権利を制限することは迷惑をかける可能性の排除するということだ。その果てには「生まれてこなければ、誰にも迷惑はかけない。だから産むな。」という思想がないだろうか。こういった考えは行き過ぎた自然主義と同様で、現代の問題に解決をもたらさないし、社会を息苦しくする。

どちらの事例も、お互いの不都合はあるものの、権利のレベルでは何もぶつかっていないように思える。ただ自分の使っていないものを使っている人を見て、「あの人は権利を振りかざしている、私は周りに迷惑をかけていないのに!」と、嫉妬している様にすら、私にはみえる。

この嫉妬は、口に出した時、「悪意」に変わる。

人に悪意をぶつけたいという欲求はおそらく、誰にでもあることだ。社会の中には他人の悪意が潜んでいて、それはルールやマナー、権利とは関係なく突然自分に向かってくることがあるのだ。

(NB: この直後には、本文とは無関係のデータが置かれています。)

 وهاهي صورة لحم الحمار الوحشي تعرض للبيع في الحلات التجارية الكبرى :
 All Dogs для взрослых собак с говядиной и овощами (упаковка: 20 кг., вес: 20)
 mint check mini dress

子どもができて、よく思うことがある。それは今お腹の中にいる子は、少しでも現実が変わっていたら生まれてこないはずだったかもしれないということだ。それが、なぜだかたった今、ツマのお腹の中にいて、内側からツマのお腹を蹴っている。全部「たまたま」のことなんじゃないかと。

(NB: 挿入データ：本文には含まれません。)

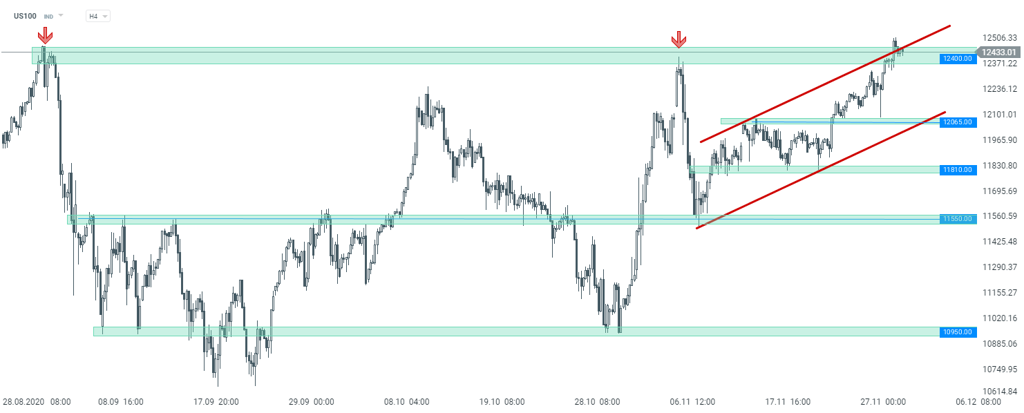 El índice tecnológico de EE. UU. (US100) alcanzó un nuevo máximo histórico ayer, pero hoy podemos ver un movimiento de corrección local. Mirando el intervalo H4, podemos ver que el precio se encuentra en el área de resistencia en 12,400 pts. Si los vendedores logran tomar el control, el límite inferior del canal ascendente local cerca de 12,065 pts podría ser el primer objetivo potencial. En caso de que veamos una corrección a la baja más grande, se debe prestar atención a las áreas de soporte horizontal marcadas con color verde.Por otro lado, el área de 12,400 pts antes mencionada es la última resistencia visible en el gráfico y si el índice se rompe por encima, un movimiento hacia un territorio inexplorado estará en juego.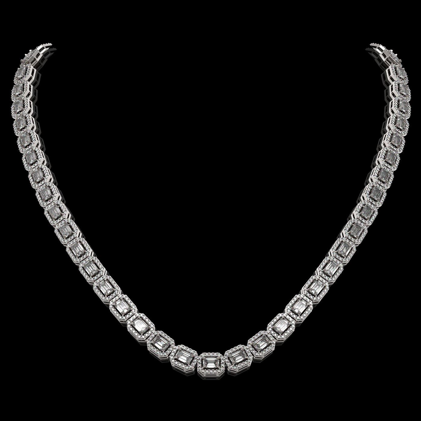 REF-2509F6M - SKU: 42929 ---- 21.12 ctw Emerald Cut Diamond Micro Pave Necklace 18K White Gold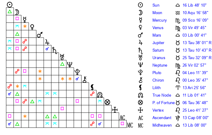 | Sun | 16 Libra 48 | 17 Libra 12 | 12 Capricorn 30 |

この連載も子どもが産まれるのを前提に書いているが、そもそもまだ産まれるかわからないし、生まれたとしても健康な子とは限らない。でもそれも「たまたま」が決めることであって、何も選べないのである。子どもが産まれたら、どんなことがあろうと受け入れなければいけない。親として最善を尽くした上でも、やはり子どもはたまたまが授けてくれる、わからなさを孕んだ「他人」なのだ。

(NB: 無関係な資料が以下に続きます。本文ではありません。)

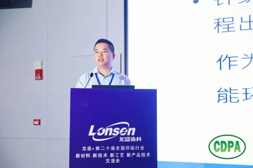 ![]() “分散染料的色牢度是當下引發售后糾紛的主要問題之一。”浙江龍盛集團股份有限公司資深應用服務工程師肖幸豐作“新一代高牢度分散染料和活性特深黑的解決方案”主題分享時說,分散染料的色牢度問題主要包括水洗后有殘液、泡水牢度差、汗漬牢度差、升華牢度差等。“浙江龍盛集團新一代分散高牢度染料LHF系列,在提升水洗牢度的同時,兼顧汗漬牢度、水浸牢度等,同時在泡水牢度等多方面也有很好的表現,能有效解決各類滌綸織物染色后在清水或洗衣粉中浸泡出現的落色、沾色、串色等問題。”肖幸豐介紹說。在活性特深黑領域,浙江龍盛集團成功開發出活性極致黑WG-400%,為活性染料的進一步發展,全面取代硫化染料、還原染料等提供了范本,正在逐步實現“染深比墨還黑、染色殘液還水清”的愿景。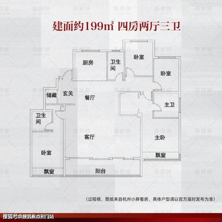 项目高层面积约199方,共2款同面积段的不同户型设计,并有户型图抢先奉送!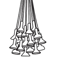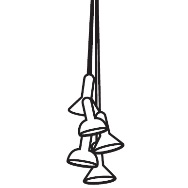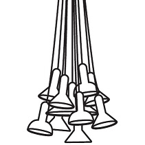 Torch Light Bunch designed by Sylvain Willenz for Established & Sons is a suspension lamp made up of lamps divided into groups arranged by 5, 10 and 20 lights. The structure is in PVC and the lampshade with diamond weave diffuser. Available with cable in different finishes.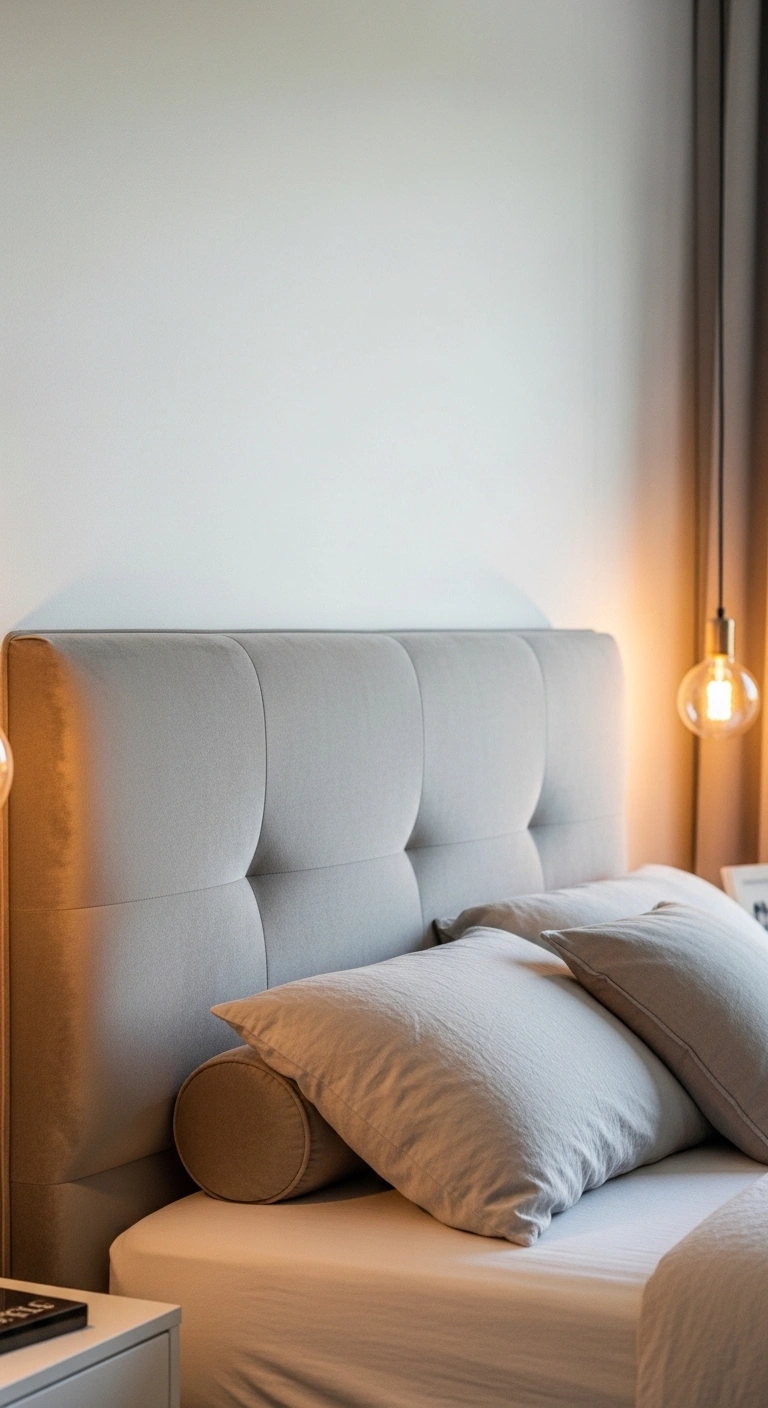 Add a soft fabric headboard to create a cozy focal point. Choose materials like velvet, boucle, or padded cotton in gentle colors. This adds both comfort and style to your bed area.
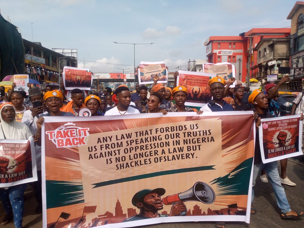The protest, which was organised by the Take it Back Movement, a human rights organisation, was held in some megacities in the country, like Lagos, Abuja, Ibadan and Port Harcourt, on Monday, 7th April 2025, and was addressed to the government to repeal the Cybercrime Act, which is being used lately to prosecute media practitioners and social media users who share dissenting positions against the authority.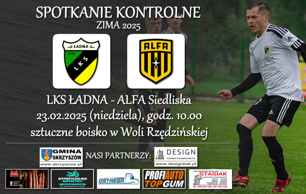 Już w najbliższą niedzielę drużyna z Ładnej rozegra kolejne spotkanie kontrolne. Tym razem nasi zawodnicy zmierzą się z ekipą Alfy z Siedlisk, co z pewnością dostarczy kibicom wielu sportowych wrażeń. Alfa na co dzień występuje w rozgrywkach tarnowskiej B-klasy…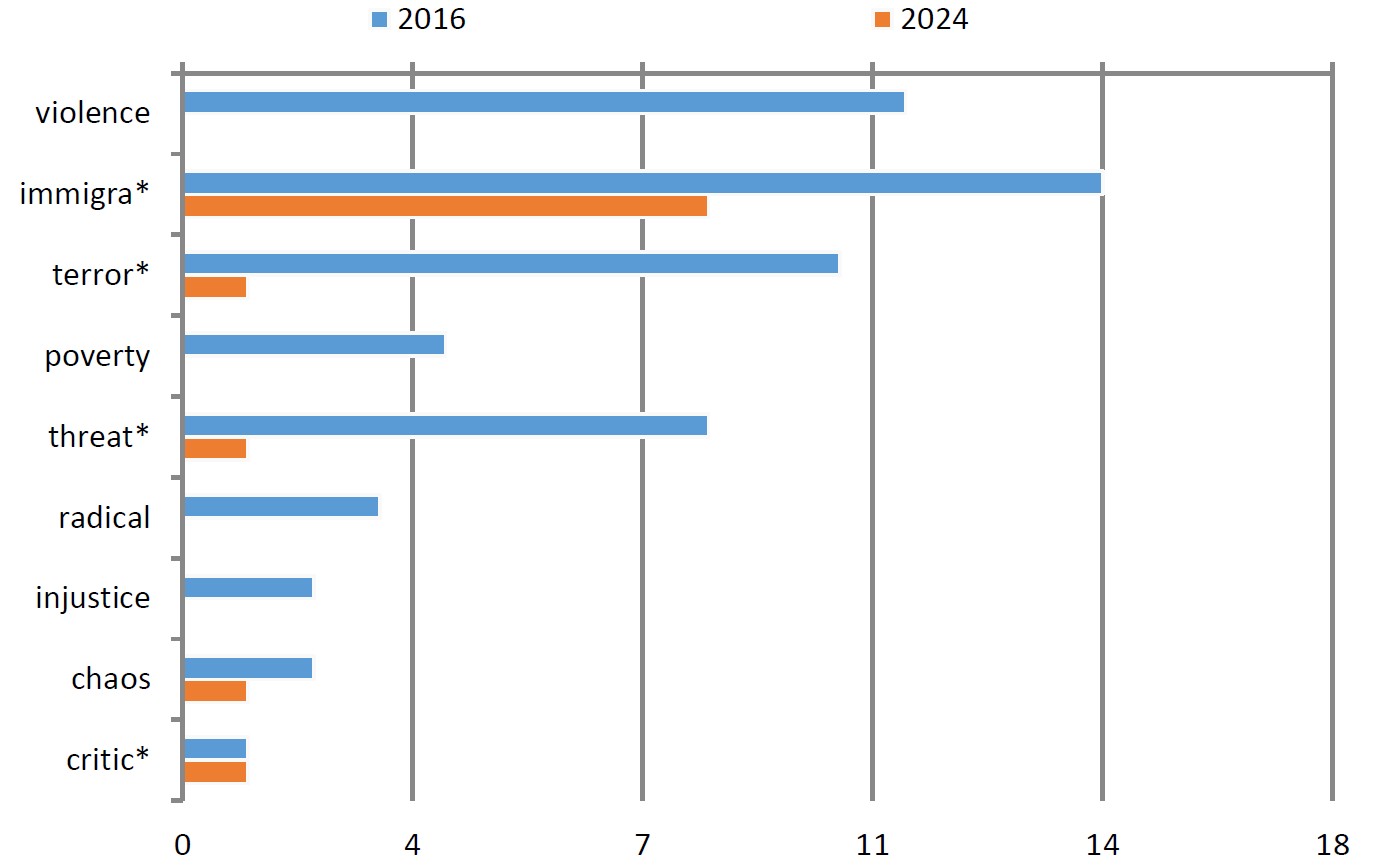 Figure 2. The decrease in the frequency of weaponised language in 2024 compared to 2016

自分の人生は思っているより自分の意思に左右されてはいないのだ。それを忘れると、他人の人生に想像力がはたらかなくなり、無用な悪意を他人に向けてしまうことになる。

子育てや夫婦に限らず、他人と生きることは全て、何が起こるかわからない未来の、そのわからなさを愛せなければやっていけないんじゃないか。そんな風に思うのである。

公共スペースが大きな意味での社会なら、家族内は小さな社会だ。どちらも想像力が欠けていたら、生きづらい。思いやりが社会を円滑にすると言い換えてもいい。他人と生きる中では、権利を主張するだけが自分のためになるんじゃないことを忘れずに過ごしたいと思う。